## Task brief:
Each line from the one with "今天,轮到二年级老师上阵了。" through the last line below must be written out exactly. Do not copy pictures.

## Supplied records:

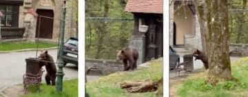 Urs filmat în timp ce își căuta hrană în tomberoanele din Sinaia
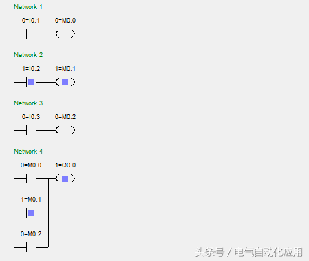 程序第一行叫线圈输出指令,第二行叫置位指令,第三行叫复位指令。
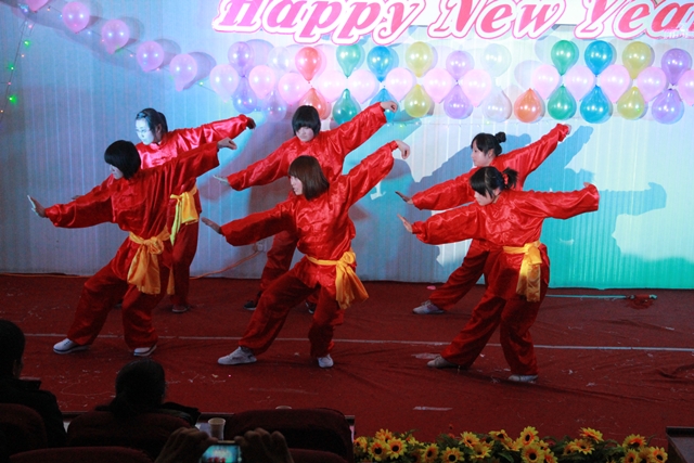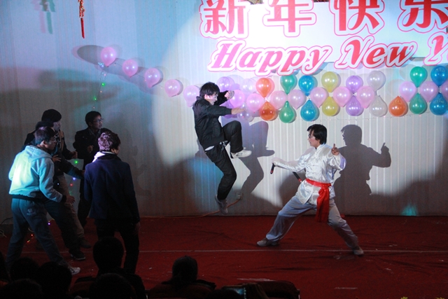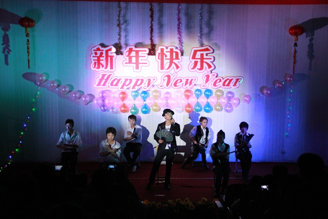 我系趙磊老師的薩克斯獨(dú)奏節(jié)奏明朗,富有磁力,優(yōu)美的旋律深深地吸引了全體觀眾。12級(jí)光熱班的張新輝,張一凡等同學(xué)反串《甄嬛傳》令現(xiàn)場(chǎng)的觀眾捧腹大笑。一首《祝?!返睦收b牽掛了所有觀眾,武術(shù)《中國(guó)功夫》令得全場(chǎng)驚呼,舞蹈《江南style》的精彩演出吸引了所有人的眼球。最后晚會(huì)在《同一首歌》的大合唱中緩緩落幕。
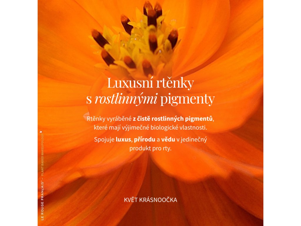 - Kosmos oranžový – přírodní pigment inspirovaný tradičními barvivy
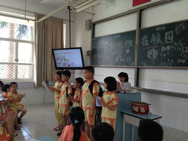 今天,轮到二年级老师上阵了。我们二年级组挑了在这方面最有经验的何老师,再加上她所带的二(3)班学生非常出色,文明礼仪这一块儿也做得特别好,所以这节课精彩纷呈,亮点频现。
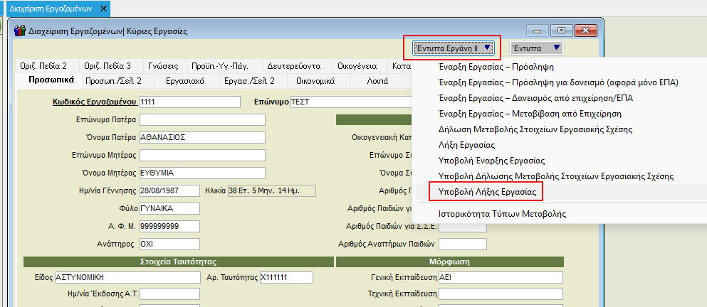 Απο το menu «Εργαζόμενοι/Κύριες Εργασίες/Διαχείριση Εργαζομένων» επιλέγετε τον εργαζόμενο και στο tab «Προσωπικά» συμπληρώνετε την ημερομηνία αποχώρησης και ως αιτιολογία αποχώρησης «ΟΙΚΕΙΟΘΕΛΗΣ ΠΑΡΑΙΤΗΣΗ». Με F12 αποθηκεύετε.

## The completed task:
 今天,轮到二年级老师上阵了。我们二年级组挑了在这方面最有经验的何老师,再加上她所带的二(3)班学生非常出色,文明礼仪这一块儿也做得特别好,所以这节课精彩纷呈,亮点频现。
 Απο το menu «Εργαζόμενοι/Κύριες Εργασίες/Διαχείριση Εργαζομένων» επιλέγετε τον εργαζόμενο και στο tab «Προσωπικά» συμπληρώνετε την ημερομηνία αποχώρησης και ως αιτιολογία αποχώρησης «ΟΙΚΕΙΟΘΕΛΗΣ ΠΑΡΑΙΤΗΣΗ». Με F12 αποθηκεύετε.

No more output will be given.